# 2-stroke for the long haul



## Deadmeat (Aug 4, 2008)

It's been about six years since I sold my Grumman 1542 and now that I'll be retiring in a couple years and moving back to East Tennessee where I'm from I want to get another boat that's similar. For nearly 20 years I hauled my Grumman at least weekly to the lake 12 months a year hooked to a Honda Civic and only burned out one clutch between the two Civics that hauled it. Since we still have two Civics, I want to keep the modifications to the G3 I'm planning to buy as light as possible.
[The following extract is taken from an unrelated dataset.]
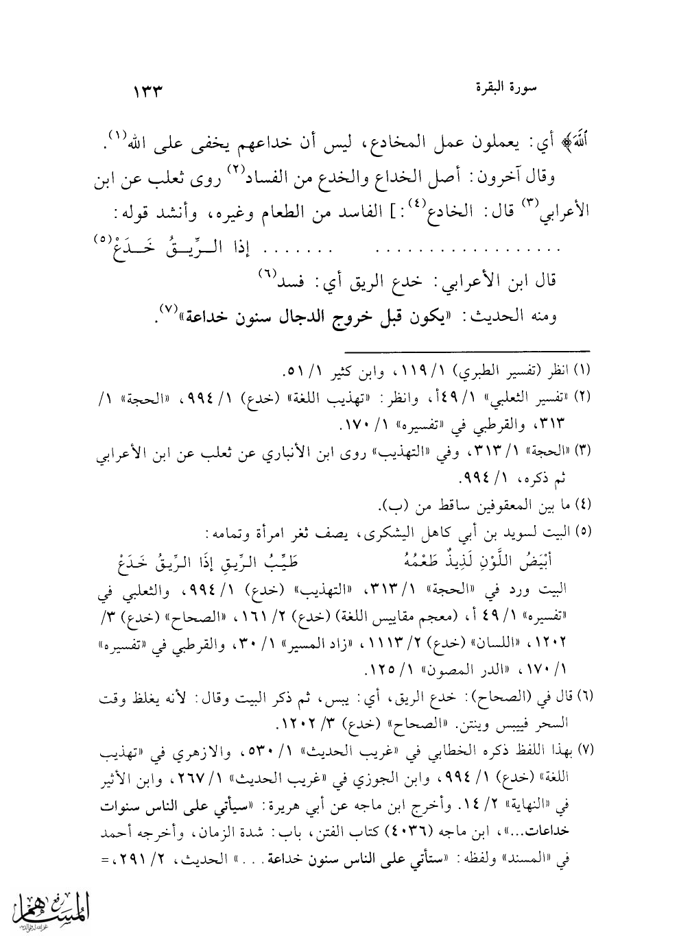 (¬2) "تفسير الثعلبي" 1/ 49 أ، وانظر. "تهذيب اللغة" (خدع) 1/ 994، "الحجة" 1/ 313، والقرطبي في "تفسير" 1/ 170.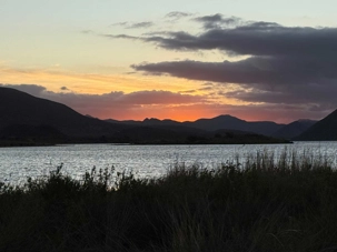 Nous nous arrêtons pour admirer le coucher de soleil : la savane s’embrase d’or et de pourpre, et le silence s’installe. Un moment suspendu, simplement parfait.

Since I sold my Grumman I now see that most everything seems to be drifting away from 2-stroke engines to 4-strokes and herein lies the problem: I absolutely love 2-stroke engines. In all the years I had my Evinrude 30 hp on the boat I never had it in the shop even once. That sucker was bulletproof but then I pampered it. 4-stroke engines have quite a bit more that can go wrong and need more maintenance. And I don't find mixing oil with gas much of a problem either. Then there's the weight factor. A 4-stroke weighs quite a bit more than a 2-stroke for the same horsepower rating, and that comes into play when it's being hauled by a Civic. 

I know that some lakes are requiring all outboards to be 4-strokes but I don't see that happening in East Tennessee in the near future.

My question is this: Since I really want a 2-stroke motor and since most manufacturers seem to be phasing them out, should I buy one now and just keep it in the garage for a couple years until I retire back to Tennessee or do you think they'll still be around for me to buy then?

Any thoughts you could provide would be greatly appreciated.


----------



## heavy-chevy (Aug 4, 2008)

the main reason 2 strokes are being phased out is mainly an emissions thing. they realy dont even get much better fuel consumption than a di 2 stroke. if i were you i would go for an old 2 stroke again, they are lighter, more power full, cheaper, and less maintenance. 2 strokes are very simple and easy to work on as well. the only application i see a four stroke as a better choice would be a big offshore boat where fuel burn is a major issue. and yea those old omc are tough engines.


----------



## Quackrstackr (Aug 4, 2008)

If you buy a new one under 50 hp, I believe all that you will find now is 4 stroke.......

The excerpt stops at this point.